Books By C. LItka

Books By C. LItka

Saturday, August 10, 2024

The Saturday Morning Post (No. 60)



A Victorian Era Mystery this week, suggested by one of my Beta readers. It's a free book on Smashwords, so the price was right to give it a try. I read this book and wrote this review awhile ago, however, it got lost in the growing backlog of my written reviews, and thus it is posted out of my reading order. (I'm currently have The Saturday Morning Post No. 70 written.)

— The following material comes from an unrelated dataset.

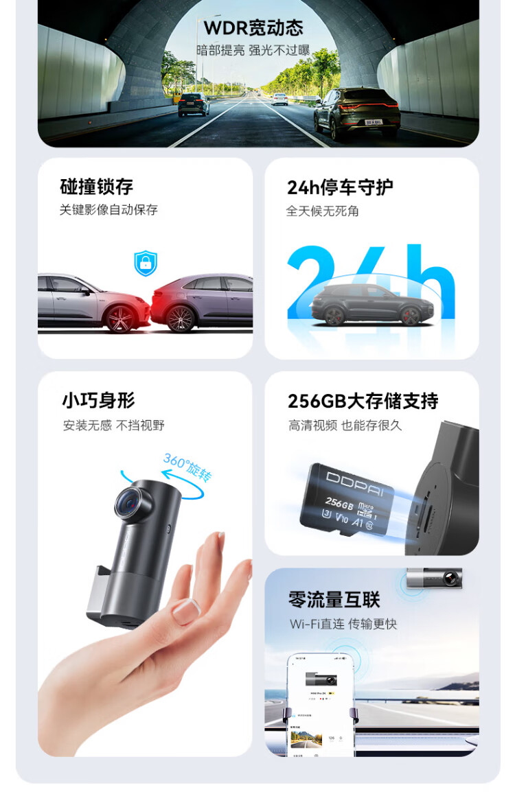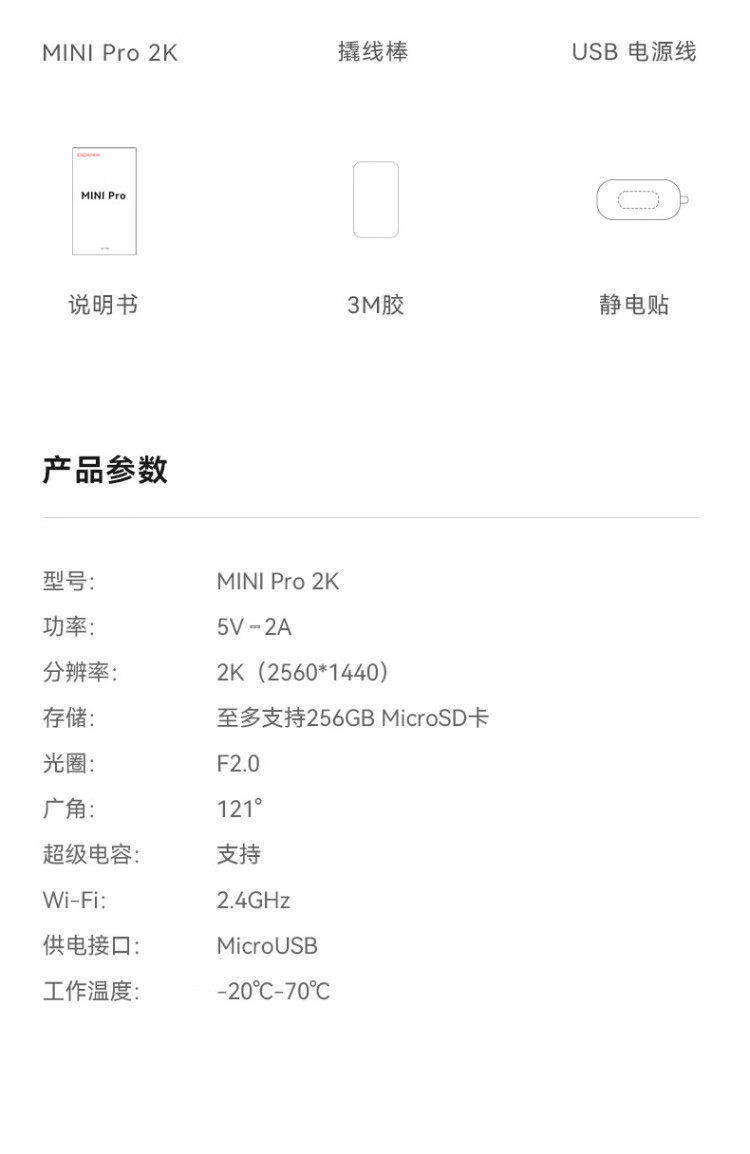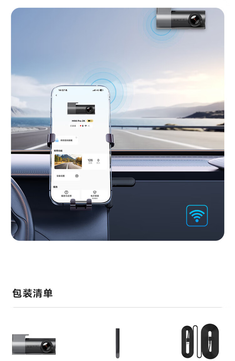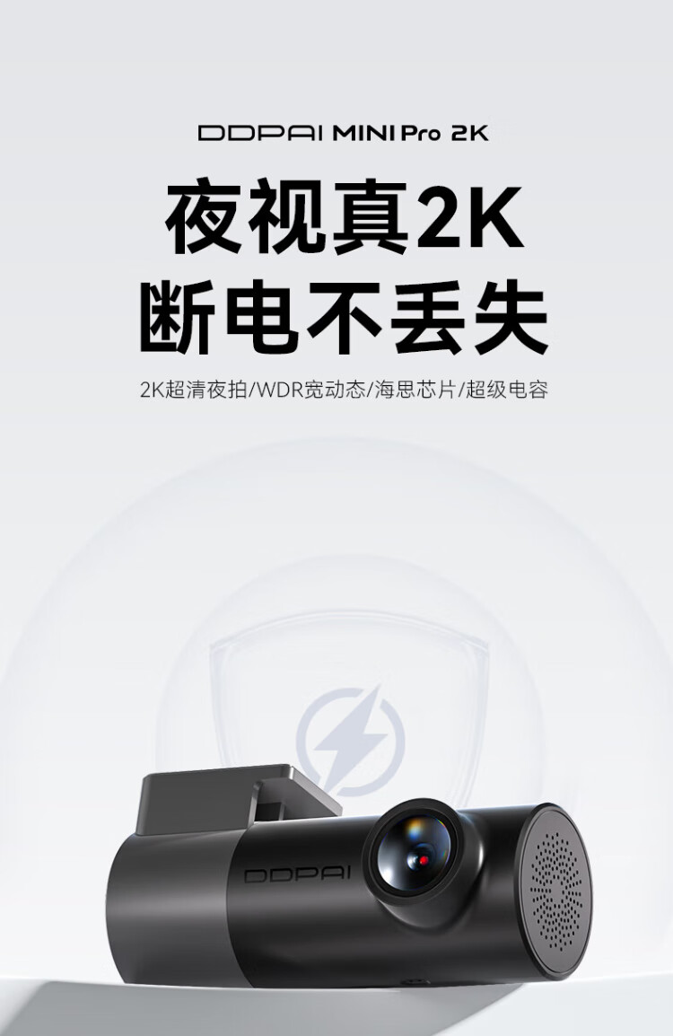 Dandaipai driving recorder MINIPro 2K version, high-definition night vision, no loss when power is off + 64G card package-car charging version

My reviewer criteria. I like light, entertaining novels. I like smaller scale stories rather than epics. I like character focused novels featuring pleasant characters, with a minimum number of unpleasant ones. I greatly value clever and witty writing. I like first person, or close third person narratives. I dislike a lot of "head jumping" between POVs and flashbacks. I want a story, not a puzzle. While I am not opposed to violence, I dislike gore for the sake of gore. I find long and elaborate fight, action, and battle sequences tedious. Plot holes and things that happen for the convenience of the author annoy me. And I fear I'm a born critic in that I don't mind pointing out what I don't like in a story. However, I lay no claim to be the final arbitrator of style and taste, you need to decide for yourself what you like or dislike in a book.

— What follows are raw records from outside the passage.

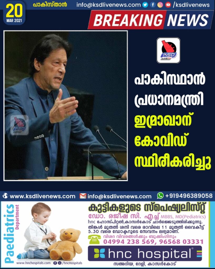 പാകിസ്ഥാൻ പ്രധാനമന്ത്രി ഇമ്രാഖാന് കോവിഡ് സ്ഥിരീകരിച്ചു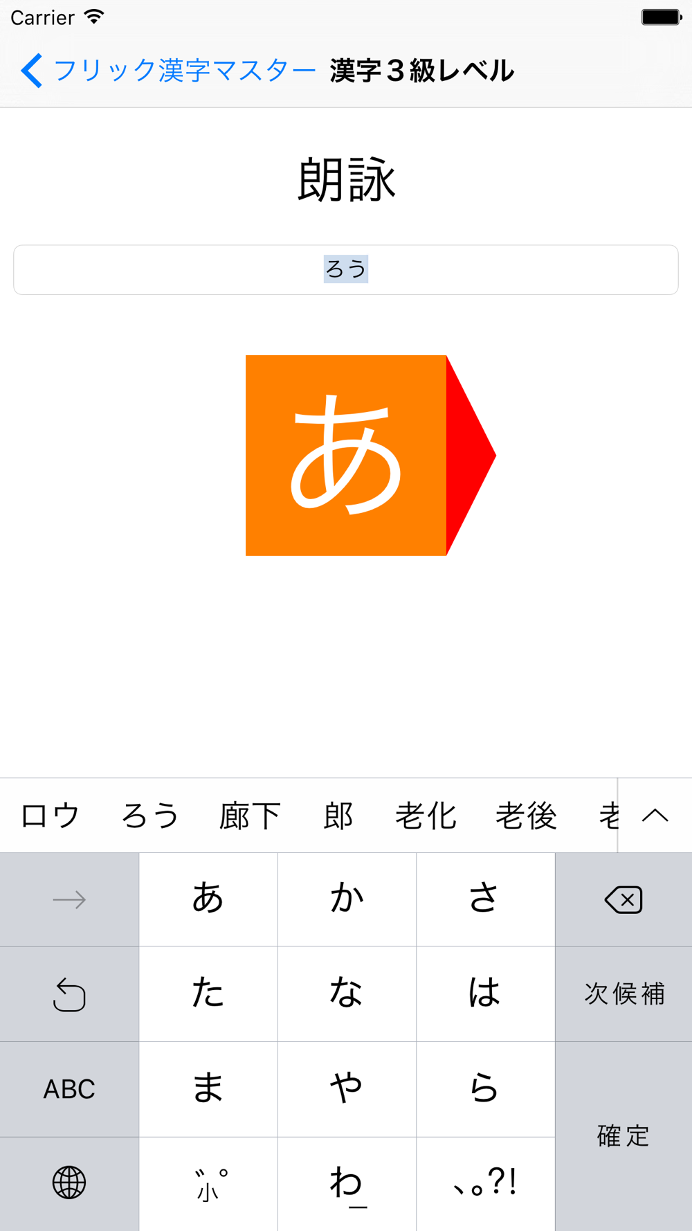 正しい読み仮名が入力されれば、次の問題が出題されます。漢字の読み方がわからなくてもフリックガイドに従って文字を入力すれば読み方がわかるようになっています。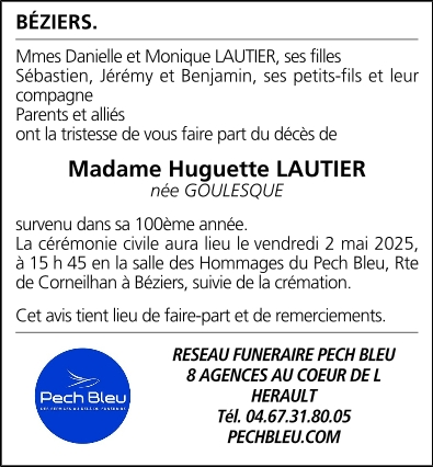 Décédée à Béziers (34500, France) le jeudi 24 avril 2025 à l'âge de 99 ans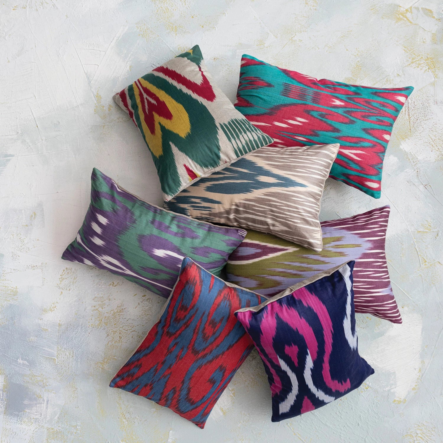 Found Cotton Blend Lumbar Pillow with Ikat & Chambray Back
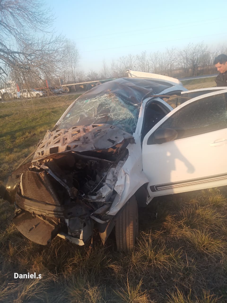 Los mismos, al percatarse de la presencia del móvil policial emprenden la huida por Ruta 5 en sentido sur, perdiendo el control del rodado a la altura del kilómetro 31 y dando varios tumbos.

Your opinions are always welcome. Comment below.


Gooseberry by Michael Gallagher  C

Gooseberry is the first book in the Send for Octavius Guy Series, comprising four books. It features the 14 year old title character Octavius "Gooseberry" Guy as a former pickpocket now an attorney's errand boy/detective. The character was a minor character in Wilkie Collin's Victorian story The Moonstone, along with some other characters from that story. The story is set in 1850's London.

The plot concerns an attack by a street gang of children, and a mysterious photograph that is found in the purse of one of the victims of the attack after they get home. What follows is a long and convoluted plot that I'll not even try to summarize. 

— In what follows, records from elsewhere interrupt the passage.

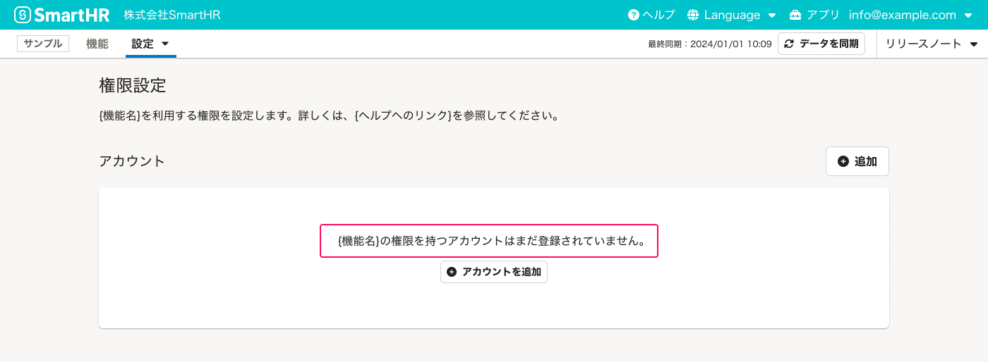 {機能名}を利用する権限を設定します。詳しくは、{ヘルプへのリンク}を参照してください。
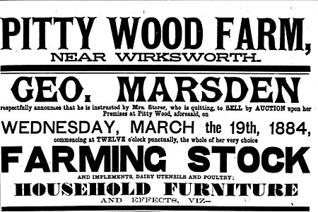 Rebecca does not show up on the Census in 1851 in Wirksworth, but she is present at Pitty Wood in 1861 as a spinster. After the death of her sister Mary Ann(2) she married her brother-in-law, John Storer, at Matlock Parish Church on the 31st. October 1872. The witnesses at their marriage were William (4) Jessop and Emma Wigley. Strangely it is recorded in the Matlock Parish register that Rebecca’s father was deceased but he wasn’t! He must have approved the marriage because they lived with him at Pitty Wood Farm. She continued living there with her Father after she was widowed on the 19th March 1878. and then stayed on after his death until she sold up at an auction on Wednesday 19th. March 1884. She moved to Oldham to join her two step-sons, William J. Storer and Samuel B. Storer, and died in 1906.
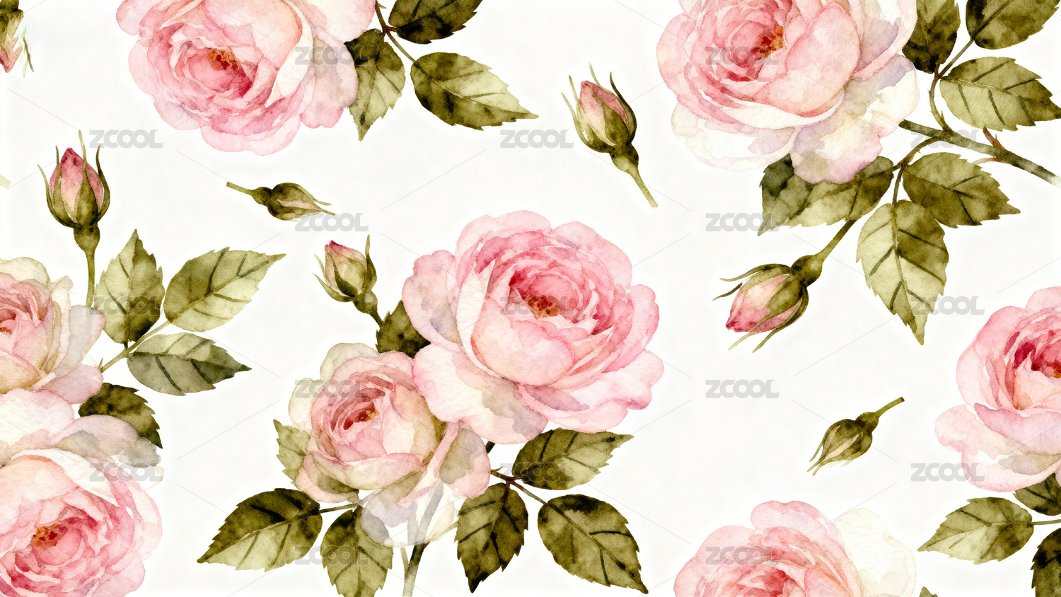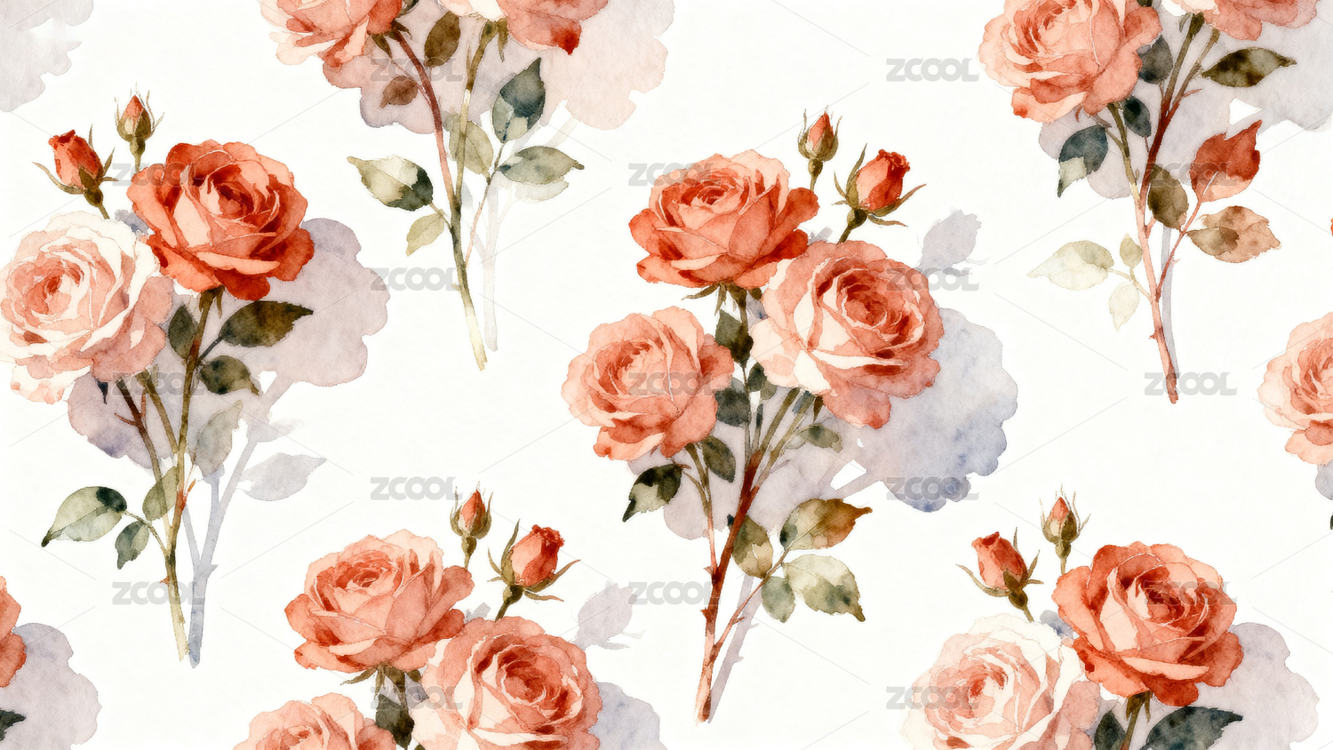 水彩玫瑰花卉图案

The story was first written as a weekly serial posted on Goodreads in 2014. It was written as a serial in the spirit of how The Moonstone and other novels of the period were published. It shows. I say that because I found the plot to be rather meandering, unfocused. Mr Gallagher says that he was inventing, and writing it, as he went along, and that shows. It's not incoherent, or anything like that, it's just that it rambles along from one little mystery solved to the next little mystery, without a sense of an over arching structure to the story. At least I felt that way, and as a result, I found myself forcing myself to pick up the story again, and again. I never quite got into it.

I think this story also illustrated the difference between an old story written as a contemporary tale, and a contemporary written story of the past. Take the Sherlock Holmes stories which were written in a contemporary setting. Doyle felt  no need to explain the Victorian world to the readers. And yet, somehow, readers a hundred plus years later can still follow and enjoy them without getting lost. (Though, of course, you can buy all sorts of books that fill out that world, if you care to.) On the other hand, you have this story, or for that matter, that other Victorian mystery I read a while back, where the authors see a need to explain just about everything about 1850 London to the modern reader. The author here does a pretty good job of inserting all his research into the story - it is a first person narrative, so you have the narrator explaining perhaps things that may be unfamiliar to modern readers, as they become relevant, unlike that other book where the author just shoved in incidental information and history lessons into the narrative willy-nilly. In both cases, I feel that all this information detracts rather than enhances the authenticity of the place and time. Authors should, by all means, avoid the use of modern terms and language and use the historically correct terms and phrases. Give the readers credit for figuring things out by themselves by context or experience in other books. 

So those are my two main criticisms - the story seemed unfocused for a mystery, and it lacked, for me, a sense of authenticity. However, the final straw for me was the fact that the ending was, well, just too far over the top - too unbelievable in that it included the unbelievable appearance of a major historical character. That, and the fact that it had an epilogue that just dragged on and on. I ended up skipping the entire epilogue. By that time I didn't care about the story any more.

All in all, not a bad story, just not one for me. You might like it, and its sequels. They're free ebooks in 2024 on Smashwords, so it costs you nothing to give them a try. And remember I'm only offering my opinion. And even with my complaints, I've given the book an average score, this, despite the cover's ugly green color and dopy typeface for the title.